Tuesday, June 28, 2005

The Grokster case — possible outcomes... [updated version]

The New York Times writes:
The United States Supreme Court ruled unanimously today [27/6 2005] that Internet file-sharing services like Grokster and StreamCast Networks could be held responsible if they encouraged users to trade songs, movies and television shows online without paying for them.
The verdict is that the case thus can go back to lower court for proper trial. The justices' main argument is that there was enough evidence that the prosecuted Web services were seeking to profit from their customers' use of the illegally shared files spread through these networks.

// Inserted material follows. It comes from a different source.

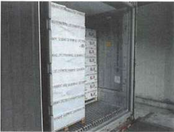
Photo No.1: Carry container SZLU6006950/40HQR was apparently in normal condition without remark on E.I.R., but the power had been off on arrival at cold storage.
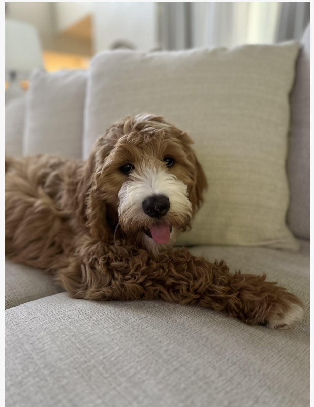
Goldendoodle breeder -

Tuxedo Goldendoodles refer to a coat pattern that features a dark base color, often black, paired with symmetrical white markings on the chest, face, or legs. The pattern resembles the look of a

In other words, a field day for Big Business — the established American movie- and music industry — which has argued persistently not only that online sharing of content severely harms their profits (an argument that is intrinsically hard to prove and duly has been disproved in several scientifical papers), but also that file-sharing ultimately could inhibit the creation of new content (which, of course, is simply untrue). So the bullies of the game keep smiling self-righteously while get a temporary advantage position in the continued struggle.

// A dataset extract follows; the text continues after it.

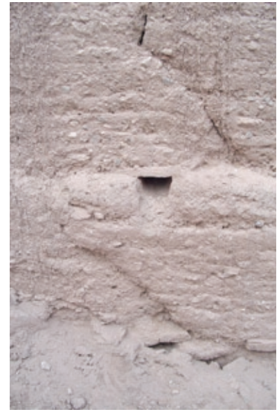
FIGURE 16 Detail of pisé, Ladakh.

Cnet lists the prospective winners and losers of this slightly new situation; they conclude that licensed music and mp3 retailers are a winning bunch, with digital music sales probably continuing to soar, whereas mainstream file-sharing networks like eDonkey, LimeWire and Kazaa as well as mp3-only devices like today's iPods will lose out.

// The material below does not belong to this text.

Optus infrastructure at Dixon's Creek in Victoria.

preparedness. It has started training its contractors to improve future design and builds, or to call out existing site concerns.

Obviously, these news report only address the mainstream, big-money networks out there. For more noncommercial/smaller/underground networks, the Supreme Court ruling is likely to have less of an effect. As New York Times once again writes,
there was some relief expressed among lawyers and advocacy groups aligned with Grokster, in that the Supreme Court seemed to clearly focus its attention not on the legality of peer-to-peer technology itself, but on the behavior of players seeking to make a profit from the technology [emphasis added].
read more (NY Times)
read more (Digital Music News)
read more (Cnet)

Added 28/6 2005, afternoon update:

Allow me to quote Swedish law and IT specialist Nicklas Lundblad, who points out that the ruling was one that essentially underlines how companies that knowingly support their customers to infringe on copyright law (and thereby indirectly breaking the law themselves) should be banned from doing so. In line with this, Lundblad argues, BitTorrent as a technology should not be outlawed (since its originator Bram Cohen neither contributorily nor vicariously has infringed on copyrights), whereas tracker sites definitely might be made illegal (they might well be already):
Probably our focus on Grokster was superfluous: the case is not the principal one we believed it to be, but a rather simple proceeding. And that it would be a blow against file-sharing is probably wrong too: what has happened is that companies that have gained from infringing the copyright of others have been condemned for this business model (which has been explicit and conscious).
The important part is this: it won’t become possible to outlaw file-sharing technology per se, nor the development of this technology. And [as pointed out above in this liquidculture posting] when there are no commercial businesses to refer back to the ruling becomes entirely irrelevant.
The music industry probably celebrates this as a victory just because there is so little else, that goes well for them.